Ghana’s efforts to narrow its budget and current-account deficits will be key to maintaining its credit rating, Standard & Poor’s said.
“We are very worried about the sustainability of the situation,” Konrad Reuss, head of S&P’s sub-Saharan Africa unit, said in an interview in Abuja, Nigeria. “What is critical for us in the coming months and the year ahead is really that the government will be able to manage these accounts in a better way.”
Ghana has been struggling to curb spending since its fiscal deficit ballooned to 12.1 percent of gross domestic product before 2012 presidential elections. The gap will probably exceed 10 percent of GDP for a third consecutive year this year, Moody’s Investors Service said in February.
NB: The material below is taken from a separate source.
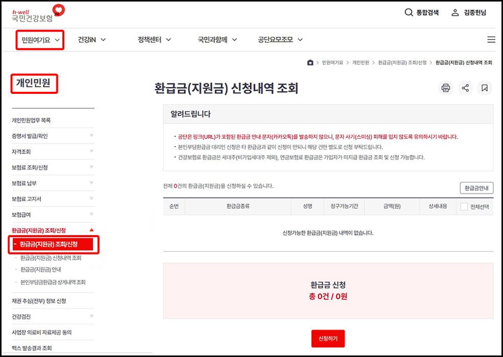- 국민건강공단홈페이지 환급금조회/신청 > 상단 메뉴 [민원요기요] > [개인민원] > [환급금(지원금)조회/신청] > [환급금(지원금)조회/신청] 클릭

Ghana’s cedi has lost 18 percent against the dollar this year, making it the worst performing African currency.
West Africa’s second-biggest economy has a B rating at S&P, five steps below investment grade, with a negative outlook. The International Monetary Fund warned last month that Ghana and Zambia are most at risk in sub-Saharan Africa if there is a sudden reversal of foreign inflows. Spending has been growing at unsustainable levels in the two countries, the organization said.
Ghana scrapped fuel subsidies last year and increased water and electricity prices as it sought to trim the budget. Finance Minister Seth Terkper said last month he aims to cut the government’s wage bill, which absorbs more than 70 percent of tax income.
Reuss said discussions about wage agreements in the public sector “are steps in the right direction.”